I have written before about my fishing buddy and mentor, Moon. His name was (and most likely still is) Gary, but there was this hot day when we were fishing out on a lake and he decided to change into swim trunks.  He was bending over to put them on just as a boat full of people hauling a water skier came around the bend.
Hence, the logical nickname, “Moon”.
Moon is the best fisherman I have ever met, which is saying something because Alabama is full of very good and very fanatical fishermen. He was very jealous of my moving to Alabama, because I would now be close to Lake Eufaula. Eufaula is an immense lake on the border between Georgia and Alabama which had a reputation for holding monstrous bass. In Virginia, the average fisherman felt that if you lived a good life, you went to Lake Eufaula when you died.
For the record, I've been there twice, didn't catch much either time, and with the Alabama River within twenty minutes of my house, driving 3 hours to get to Eufaula seemed so unnecessary.
But, what I was going to talk about was Bob's Surplus.
One afternoon when we were supposed to be working, Moon mentioned that he and another fellow were going to Bob's Surplus that evening and asked if I wanted to come. I asked him what kind of surplus store it was, and he replied, “It's an Army/Navy store.' Well, that didn't do anything to make the strings of my heart go “zing” because I had seen Army/Navy stores in Ohio.
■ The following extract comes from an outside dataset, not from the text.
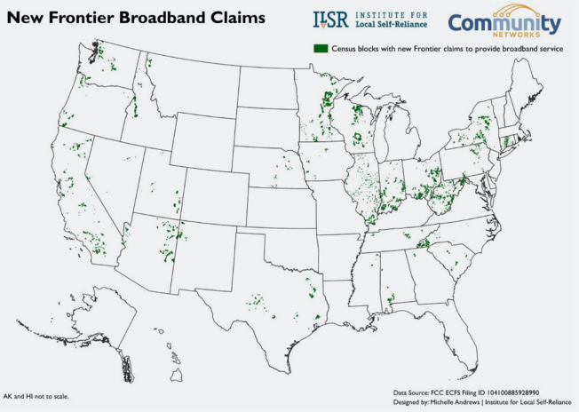 In a recent FCC filing, Frontier asserted that it has has covered 17,000 census blocks with 25 Megabits per second (Mbps) down / 3Mbps up broadband speed since June 2019.

There was a time, back in the mid-1950's when Army/Navy surplus stores were all over the place because there was a lot of military surplus stuff left over from WW II. I had heard about them as a kid, but when I finally went to one in the sixties, it was a pretty tame place, with a lot of khaki and olive drab clothes, but little if any of it actually was old military gear. In fact, aside from a few fake hand grenades and an occasional helmet liner, the stuff was the sort of thing you could pick up at K-mart, usually for less money.
I offered this opinion to Moon, but he quickly said, “No, no. This is the real McCoy. I get my hunting clothes there, and it's the real heavy Army stuff.” Well, it would be fun to spend an evening with Moon, no matter how disappointing the surplus place might be, so I agreed to go.
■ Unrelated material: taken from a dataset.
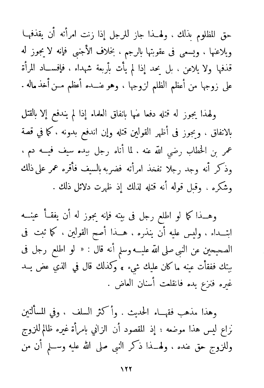 حَقُّ الْمَظْلُومِ بِذَلِكَ وَلِهَذَا جَازَ لِلرَّجُلِ إذَا زَنَتْ امْرَأَتُهُ أَنْ يَقْذِفَهَا وَيُلَاعِنَهَا وَيَسْعَى فِي عُقُوبَتِهَا بِالرَّجْمِ بِخِلَافِ الْأَجْنَبِيِّ فَإِنَّهُ لَا يَجُوزُ لَهُ قَذْفُهَا وَلَا يُلَاعِنُ بَلْ يُحَدُّ إذَا لَمْ يَأْتِ بِأَرْبَعَةِ شُهَدَاءَ فَإِفْسَادُ الْمَرْأَةِ عَلَى زَوْجِهَا مِنْ أَعْظَمِ الظُّلْمِ لِزَوْجِهَا وَهُوَ عِنْدَهُ أَعْظَمُ مِنْ أَخْذِ مَالِهِ. وَلِهَذَا يَجُوزُ لَهُ قَتْلُهُ دَفْعًا عَنْهَا بِاتِّفَاقِ الْعُلَمَاءِ إذَا لَمْ يَنْدَفِعْ إلَّا بِالْقَتْلِ بِالِاتِّفَاقِ وَيَجُوزُ فِي أَظْهَرِ الْقَوْلَيْنِ قَتْلُهُ وَإِنْ انْدَفَعَ بِدُونِهِ كَمَا فِي قِصَّةِ عُمَرَ بْنِ الْخَطَّابِ رَضِيَ اللَّهُ عَنْهُ لَمَّا أَتَاهُ رَجُلٌ بِيَدِهِ سَيْفٌ فِيهِ دَمٌ وَذَكَرَ أَنَّهُ وَجَدَ رَجُلًا تَفَخَّذَ امْرَأَتَهُ فَضَرَبَهُ بِالسَّيْفِ فَأَقَرَّهُ عُمَرُ عَلَى ذَلِكَ وَشَكَرَهُ وَقَبِلَ قَوْلَهُ أَنَّهُ قَتَلَهُ لِذَلِكَ إذْ ظَهَرَتْ دَلَائِلُ ذَلِكَ. وَهَذَا كَمَا لَوْ اطَّلَعَ رَجُلٌ فِي بَيْتِهِ فَإِنَّهُ يَجُوزُ لَهُ أَنْ يَفْقَأَ عَيْنَهُ ابْتِدَاءً وَلَيْسَ عَلَيْهِ أَنْ يُنْذِرَهُ هَذَا أَصَحُّ الْقَوْلَيْنِ كَمَا ثَبَتَ فِي الصَّحِيحَيْنِ عَنْ النَّبِيِّ صَلَّى اللَّهُ عَلَيْهِ وَسَلَّمَ أَنَّهُ قَالَ: {لَوْ اطَّلَعَ رَجُلٌ فِي بَيْتِك فَفَقَأْت عَيْنَهُ مَا كَانَ عَلَيْك شَيْءٌ} وَكَذَلِكَ قَالَ فِي الَّذِي عَضَّ يَدَ غَيْرِهِ فَنَزَعَ يَدَهُ فَانْقَلَعَتْ أَسْنَانُ الْعَاضِّ. وَهَذَا مَذْهَبُ فُقَهَاءِ الْحَدِيثِ. وَأَكْثَرُ السَّلَفِ وَفِي الْمَسْأَلَتَيْنِ نِزَاعٌ لَيْسَ هَذَا مَوْضِعَهُ؛ إذْ الْمَقْصُودُ أَنَّ الزَّانِيَ بِامْرَأَةِ غَيْرِهِ ظَالِمٌ لِلزَّوْجِ وَلِلزَّوْجِ حَقٌّ عِنْدَهُ وَلِهَذَا {ذَكَرَ النَّبِيُّ صَلَّى اللَّهُ عَلَيْهِ وَسَلَّمَ أَنَّ مَنْ

Bob's Surplus was located in Broadway, Virginia, which is in no way, shape, or form ever going to be confused with the Great White Way. At any rate, we made our way out there. We got a bit of a late start so I was concerned that they wouldn't be open very long by the time we got there. No problem, Moon assured me. Old Bob kept the place open until at least nine in the evening and later if there were still people in the store and he felt like staying up.
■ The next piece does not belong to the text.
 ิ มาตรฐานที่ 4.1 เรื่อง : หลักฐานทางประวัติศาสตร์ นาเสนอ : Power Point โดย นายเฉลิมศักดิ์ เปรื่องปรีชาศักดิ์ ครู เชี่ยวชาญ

We pulled into the gravel parking area around Bob's, and the first thing I laid eyes on was an ancient olive-drab jeep. I'm no expert, but if this thing came off a dealer's lot, the dealer had to be Uncle Sam. I began to have hope.
Bob's was a big old barn of a place, and it was filled with very genuine looking Army and Marine gear. Some shirts had stripes of rank on them. The clothing was clean but looked well-used. There were knives, mess kits, jeep caps (I still have mine somewhere), even trooper hats. I coveted a trooper hat, but on several visits I could never find one that fit. When you went to Bob's you got what he had, and what he had was whatever he could get his hands on.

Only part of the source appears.